Where My Loyalties Lie

I am a mammal. As such, I feel a sense of solidarity with my classmates, and I confess that I am a bit chauvinistic about my Class. We are, you know, the apex of evolution on this planet. All the other Classes were just way stations for our ancestors or amusing evolutionary side trips. I am not averse to eating some classmates, although I aim to be respectful and mammalian in my treatment of them.

The marsupials and monotremes are not as mammalian as I would like, and I am not sure whether they are really “in”. Sure, they give milk and all, but what about the all-important placenta? It’s plain primitive if you ask me.

Of course, not all mammals are equal. I regard members of my Order, the primates, to be the apex of the apex, as it were. No way would I eat an order-mate. Not that I dislike the other Orders. Some of my best friends are carnivores. I live with carnivores. I wouldn’t eat a carnivore, either. I am especially loyal to the Order, however.

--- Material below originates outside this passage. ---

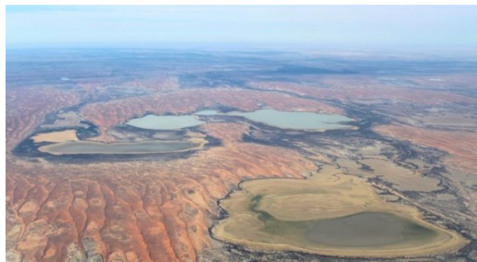
Coongie Lakes.

The Cooper Creek system is subject to a range of flooding events, which support life in the system. We are building a flood model to help analyse the potential impact that future development could have on the system. To do this we are building a high-resolution digital elevation model with aerial Light Detection And Ranging (LiDAR) data collection for Stage 3 hydrological modelling. LiDAR captures high resolution data (approximately 1m scale) on river and water course features: channels, rock bars, gorges, floodplains, banks and infrastructure.

On the other hand, I’ll mess you up if you mess with the carnivores who are my friends even if you are a primate.

Then again, there’s the Family, and that takes precedence over the Order in some cases. It doesn’t come up much, but if I had to choose between a New World monkey and a fellow ape, I’d have to go with the ape. It’s all about the Family in the end.

The genus? It goes without saying. We’ve only got the one species in the genus! We have to stick together. Eating a conspecific is out of the question, except in an emergency, and I’d have to side with a conspecific in a dispute with a chimpanzee, unless I knew the chimpanzee personally or the human was a douchebag.

My kin in proportion to our degree of relatedness trumps the species, however, except that my wife, whose most recent common ancestor with me probably died 600 years ago, beats out any of my blood kin. And friends and associates, depending on how close they are, beat out remote kin. It’s kind of like the way I feel about primates who are strangers and carnivores whom I know personally. Neighbors are important, too. It says somewhere in the Bible that a friendly neighbor at hand is better than a brother a hundred miles a way, or some such thing. There are a lot of exceptions, but in general my closer kin come before more remote kin. Unless my kinsman is a douchebag, in which case he can forget about that kidney.